This invention relates to improved aqueous slurry explosives and to a method for their preparation. More particularly, the invention relates to thickened aqueous slurry explosives of the type comprising an inorganic oxidizing salt, an organic or inorganic fuel, water, and a thickening agent.

Aqueous slurry explosives are well known and have been widely accepted by users of commercial explosives. Such explosives generally contain a wide variety of ingredients. For instance, a slurry usually contains an inorganic oxidizing salt such as ammonium nitrate or an alkali or alkaline earth metal nitrate, e.g. sodium nitrate, or corresponding perchlorate salts or mixtures thereof. Organic and inorganic fuels are also often incorporated into such slurries. Organic fuels suitable for explosive slurries include a large variety of finely divided non-explosive carbonaceous materials such as carbon black, ground coal, fuel oils, vegetable oils, wax, wood pulp, vegetable pulp, sugar, nut meal, bagasse, etc. Inorganic fuels include finely divided metals and metal alloys such as aluminum, magnesium, and alloys thereof. Explosive slurries may optionally contain explosive sensitizers, depending upon the type of blasting agent desired. If a sensitizer is desired, such self-explosive materials as nitrostarch, trinitrotoluene (TNT), pentaerythritol tetranitrate (PETN), nitrocellulose, cyclotrimethylene trinitramine (RDX) and mixtures thereof may advantageously be employed.

Aqueous explosive slurries are generally thickened or gelled. Thickening serves to prevent segregation of the ingredients, to prevent leaks from containers having small perforations, to inhibit evaporation of liquids and to provide a resilient product when filled into elastic casings.
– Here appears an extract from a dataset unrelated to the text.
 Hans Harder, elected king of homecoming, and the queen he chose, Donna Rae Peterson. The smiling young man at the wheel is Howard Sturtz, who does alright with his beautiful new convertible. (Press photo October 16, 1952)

Heretofore, aqueous slurries have been thickened with materials such as water soluble polysaccharides, e.g. methylcellulose, natural starches and gums. Galactomannan gums, particularly guar gum, have been preferred for this purpose. Such gums cause slurries to gel if employed in sufficiently high concentrations and cross-linking agents, such as borate and chromate salts or compounds of antimony or bismuth, may be added to accelerate gel formation.
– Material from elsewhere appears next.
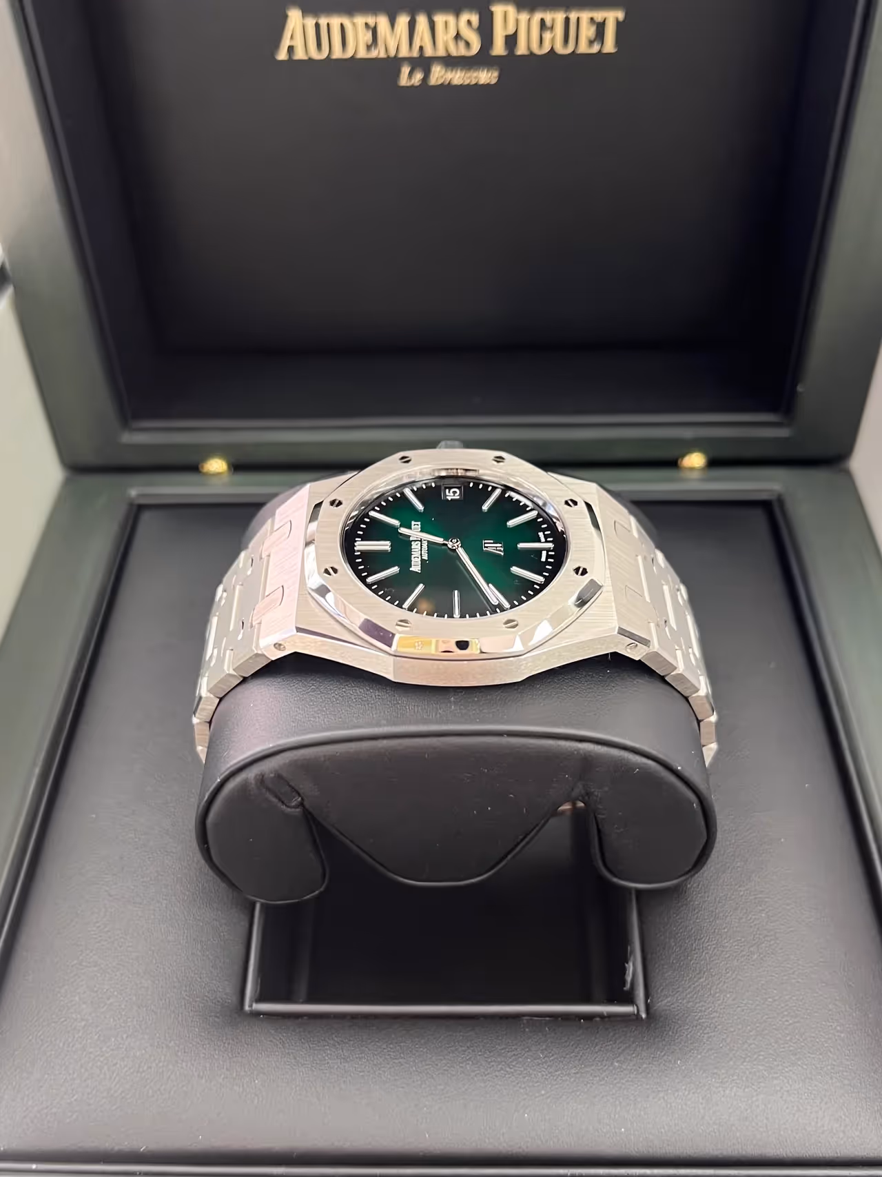 A highly coveted and luxurious version of the iconic "Jumbo," this Audemars Piguet is crafted in platinum with a stunning sunburst smoked green dial.

During the manufacture of aqueous explosive slurries, it is desirable to thicken the ingredients early in the mixing process to prevent segregation. It has been found, however, that if the slurry is mixed or extruded into a casing after it has become quite thick or gelled, it tends to become desensitized, thus not being subject to easy or reliable detonation. Accordingly, a need exists for a thickener for aqueous explosive slurries which allows such slurries to be mixed or packaged subsequent to thickening without resulting in desensitization of the slurry.

SUMMARY OF THE INVENTION

It is an object of this invention to provide improved aqueous explosive slurries. Another object of the invention is to provide improved thickened aqueous explosive slurries of the type comprising an inorganic oxidizing salt, an organic or inorganic fuel, water and a thickening agent. A third object is to provide a method for making the improved aqueous slurry explosives of this invention. Other objects and advantages will become apparent to those skilled in the art from the disclosure herein.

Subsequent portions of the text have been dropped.